Часть первая Тюремная промышленность 9 страница




Эти дневники больше всего и давили на меня на следствии. И чтобы только следователь не взялся попотеть над ними и не вырвал бы оттуда жилу свободного фронтового племени – я, сколько надо было, раскаивался и, сколько надо было, прозревал от своих политических заблуждений. Я изнемогал от этого хождения по лезвию – пока не увидел, что никого не ведут ко мне на очную ставку; пока не повеяло явными признаками окончания следствия; пока на четвёртом месяце все блокноты моих военных дневников не зашвырнуты были в адский зев лубянской печи, не брызнули там красной лузгой ещё одного погибшего на Руси романа и чёрными бабочками копоти не взлетели из самой верхней трубы.

Под этой трубой мы гуляли – в бетонной коробке, на крыше Большой Лубянки, на уровне шестого этажа. Стены ещё и над шестым этажом возвышались на три человеческих роста. Ушами мы слышали Москву – перекличку автомобильных сирен. А видели – только эту трубу, часового на вышке на седьмом этаже да тот несчастливый клочок Божьего неба, которому досталось простираться над Лубянкой.

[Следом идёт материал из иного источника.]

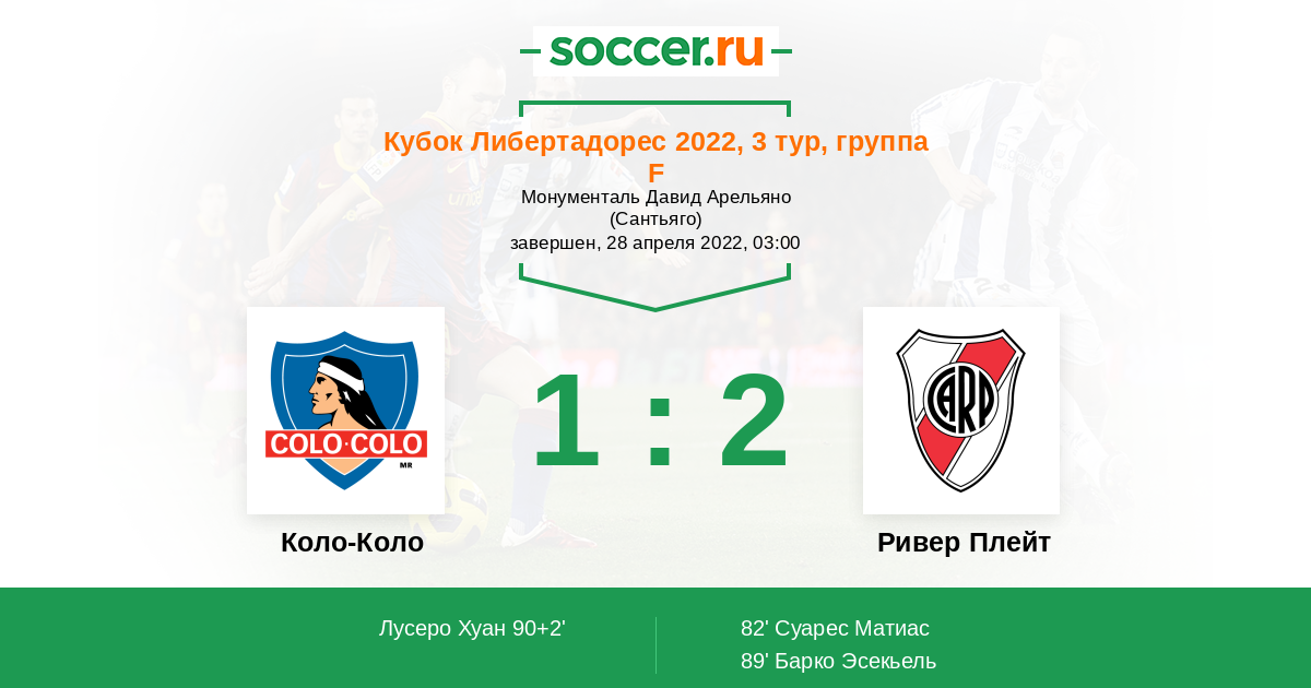 Гол90+2' (1:2) Лусеро Хуан (9) (Солари Пабло (36))
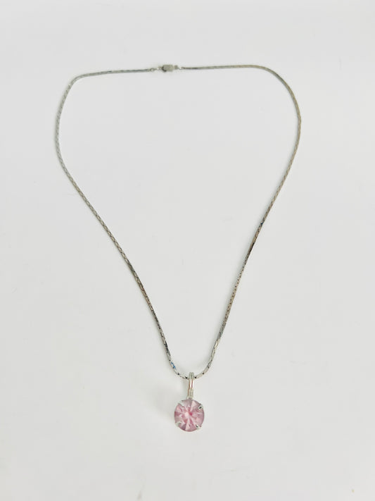 Deadstock Faceted Lilac Glass Pendant in Silver Chain
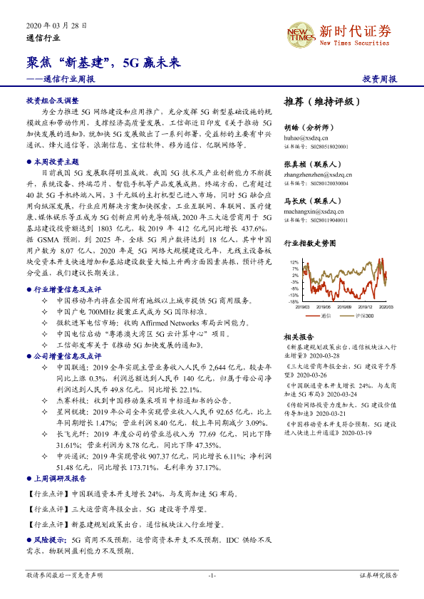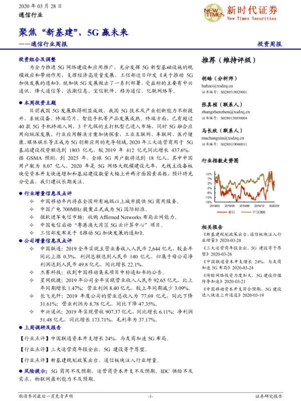 【新时代证券】【20200328】通信行业周报:聚焦“新基建”,5G赢未来-16页
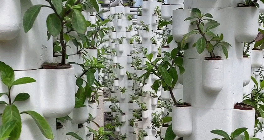 郁郁葱葱的绿色植被,潺潺的流水,这样一个好似“世外桃源”般的地方,其实是个科技赋能的“蔬菜大棚”,超级美,有木有?!
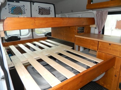 Letos jsem se konečně dostal ke koupi dodávky, která se mi šikla v super stavu od známého, který s ní jezdil jen čas od času na montáže a většinu času stála u něj ve stodole. Financí teď moc není, takže prozatím vybavení jen látám víceméně z toho, co kde zbylo. Kupoval jsem jen obyčejnou dřevěnou postel s matrací, kterou jsem uzpůsobil využití v dodávce.
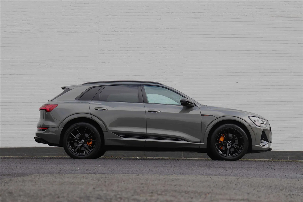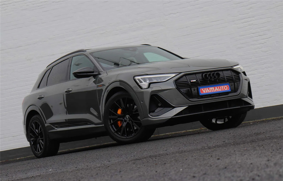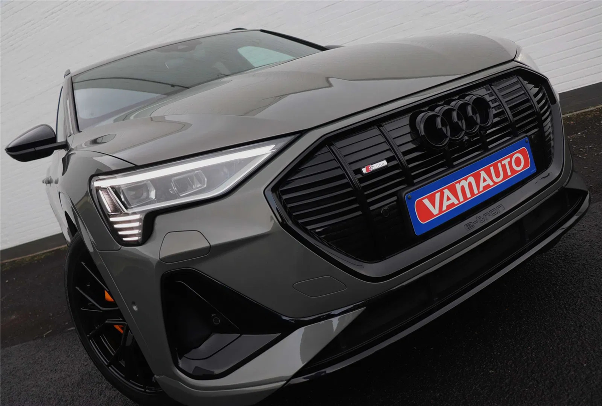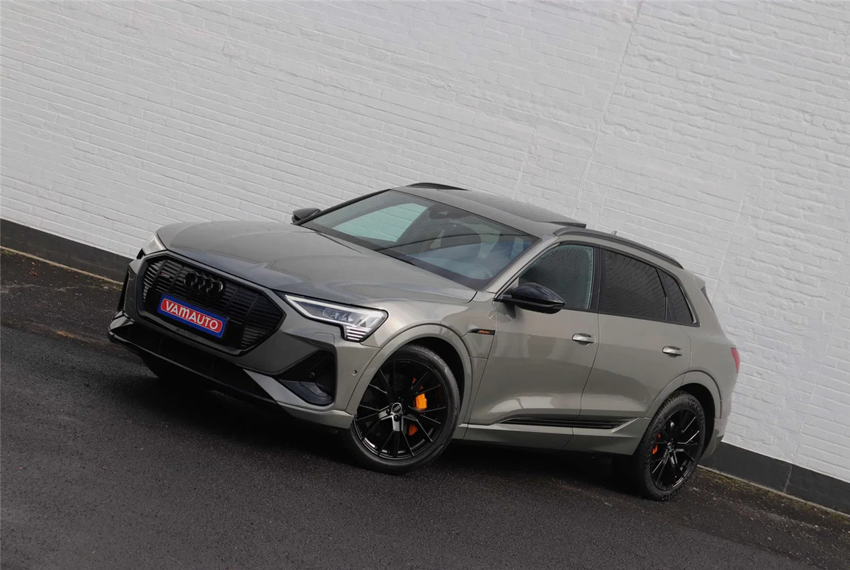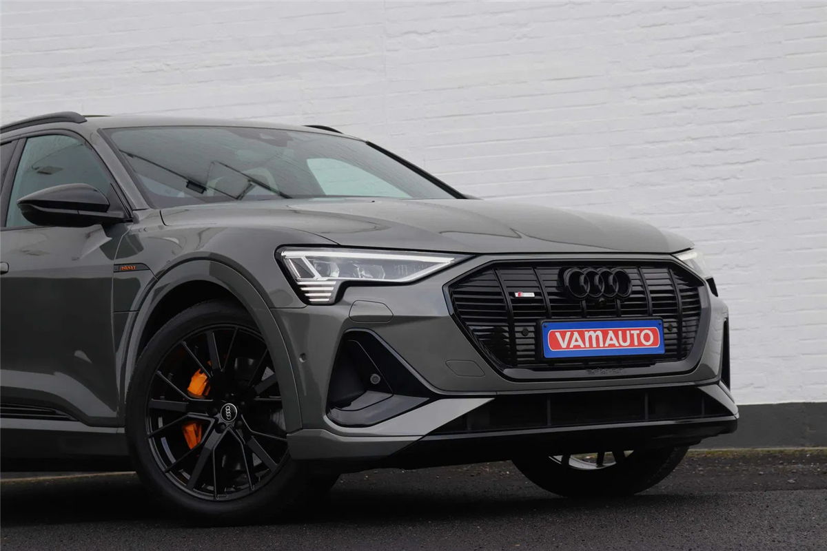 Prachtige Audi E-tron 55 Quattro S-line Black Edition in het unieke Chronos Grey metallic met een fenomenale optielijst voor een top prijs!
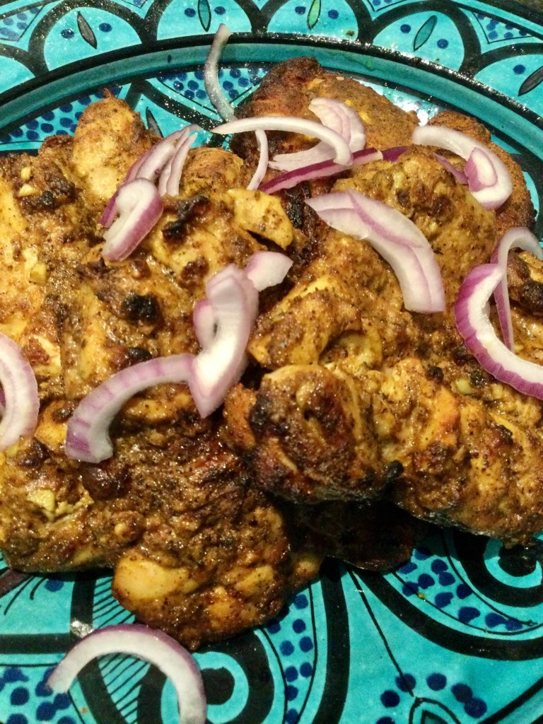 In a medium size bowl, stir in the yogurt, lemon juice, olive oil and minced garlic and mix well. Add all the the other spices and mix well. Take each chicken thigh and dip them in the yogurt-spice mixture on both sides. Leave them to
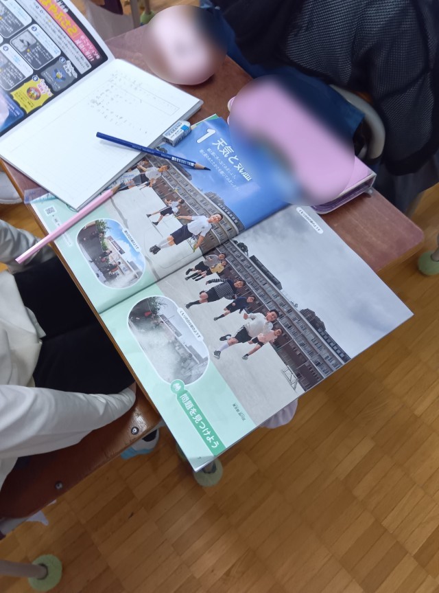 理科の学習では、初めの単元「天気と気温」の学習に入っていました。まずは自分の経験から、天候による気温の変化について分かっていることや知っていることを挙げていました。天度の学習でもまずはこの自分の経験や知識を確認することが大事です。そこからはっきりとしないところや疑問を明確にし、実験や観測で確かめ、知識として自分の中に定着させていきます。
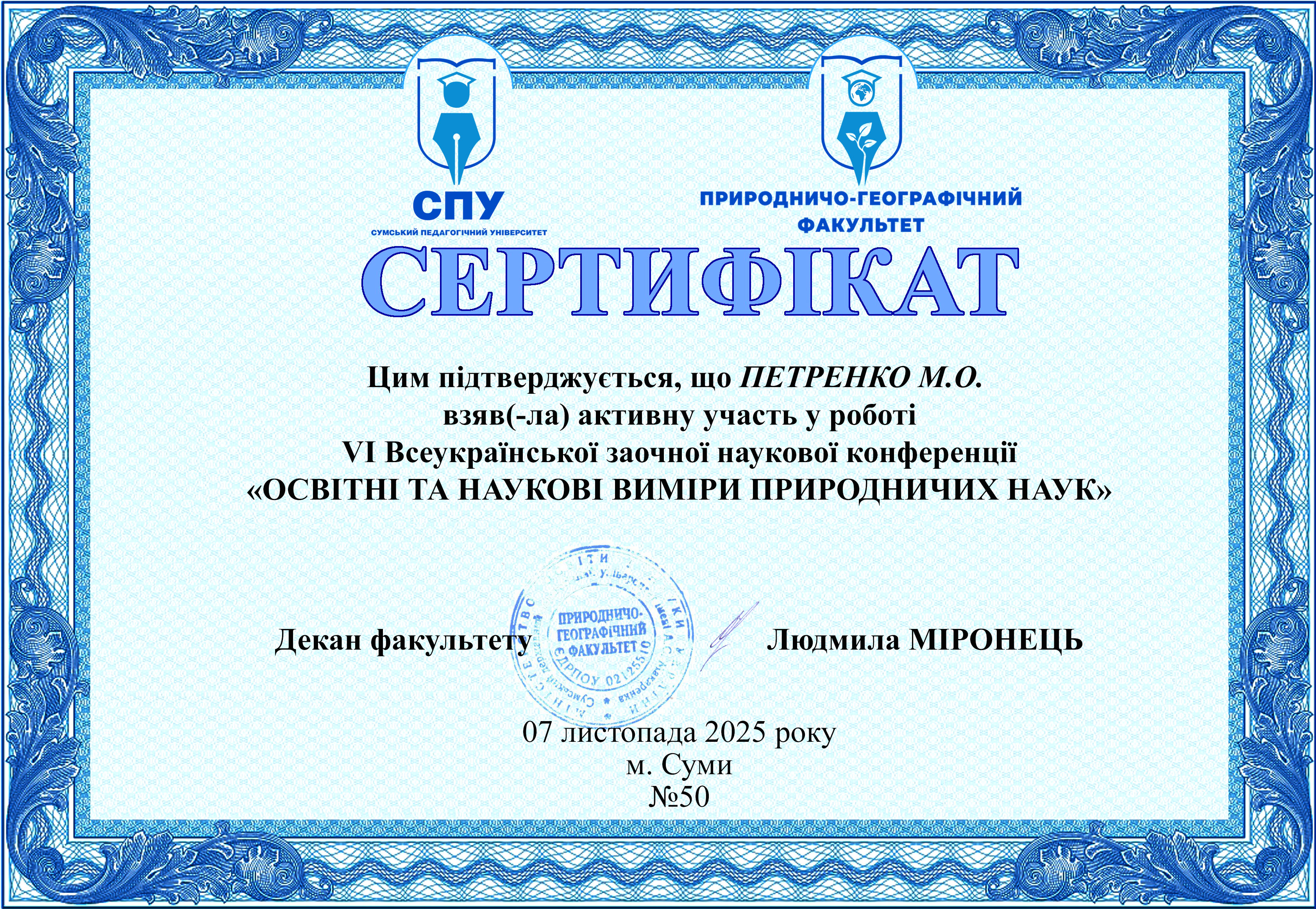 Здобувачі освіти освіти – члени студентських наукових проблемних груп кафедри загальної та регіональної географії взяли активну участь у роботі VI Всеукраїнської заочної наукової конференції «Освітні та наукові виміри природничих наук», присвяченої 95-річчю заснування природничо-географічного факультету Сумського державного педагогічного університету імені А. С. Макаренка
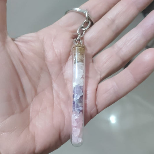Triple Crystal Healing Bottle Keychain – Rose Quartz, Amethyst & Clear Quartz Energy Charm
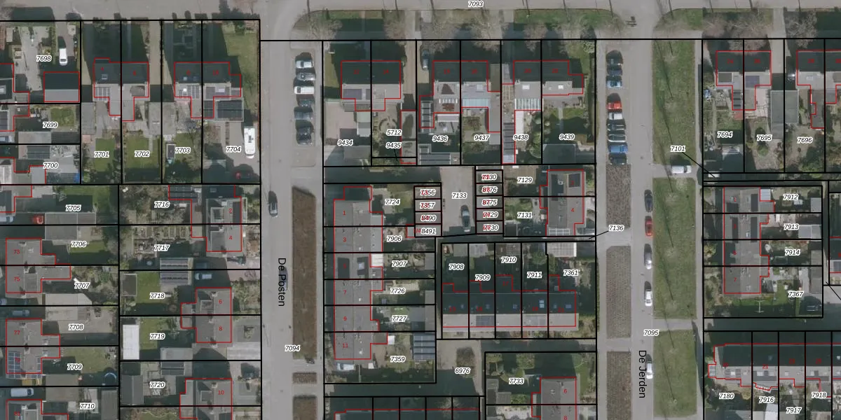 Gebruik de zoekbalk of klik op een perceel voor informatie over de adressen binnen dit perceel.
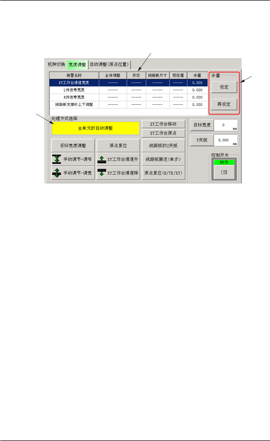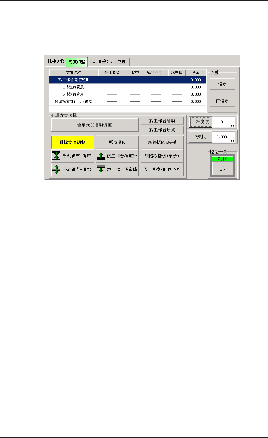 执行 XY 工作台滑道宽度、L/R 传送带宽度的宽度调整时,请按以下

О, эта сажа! Она всё падала и падала в тот первый послевоенный май. Её так много было в нашу каждую прогулку, что мы придумали между собой, будто Лубянка жжёт свои архивы за тридевять лет. Мой погибший дневник был только минутной струйкой той сажи. И я вспоминал морозное утро в марте, когда я как-то сидел у следователя. Он задавал свои обычные грубые вопросы; записывал, искажая мои слова. Играло солнце в тающих морозных узорах просторного окна, через которое меня иногда очень подмывало выпрыгнуть – чтоб хоть смертью своей сверкнуть по Москве, размозжиться с пятого этажа о мостовую, как в моём детстве мой неизвестный предшественник выпрыгнул в Ростове-на-Дону (из "Тридцать третьего"). В протайках окна виднелись московские крыши, крыши – и над ними весёлые дымки. Но я смотрел не туда, а на курган рукописей, загрудивший всю середину полупустого тридцатиметрового кабинета, только что вываленный, ещё не разобранный. В тетрадях, в папках, в самоделковых переплётах, скреплёнными и не скреплёнными пачками и просто отдельными листами – надмогильным курганом погребённого человеческого духа лежали рукописи, и курган этот конической своей высотой был выше следовательского письменного стола, едва что не заслоняя от меня самого следователя. И братская жалость разнимала меня к труду того безвестного человека, которого арестовали минувшей ночью, а плоды обыска вытряхнули к утру на паркетный пол пыточного кабинета к ногам четырёхметрового Сталина. Я сидел и гадал: чью незаурядную жизнь в эту ночь привезли на истязание, на растерзание и на сожжение потом?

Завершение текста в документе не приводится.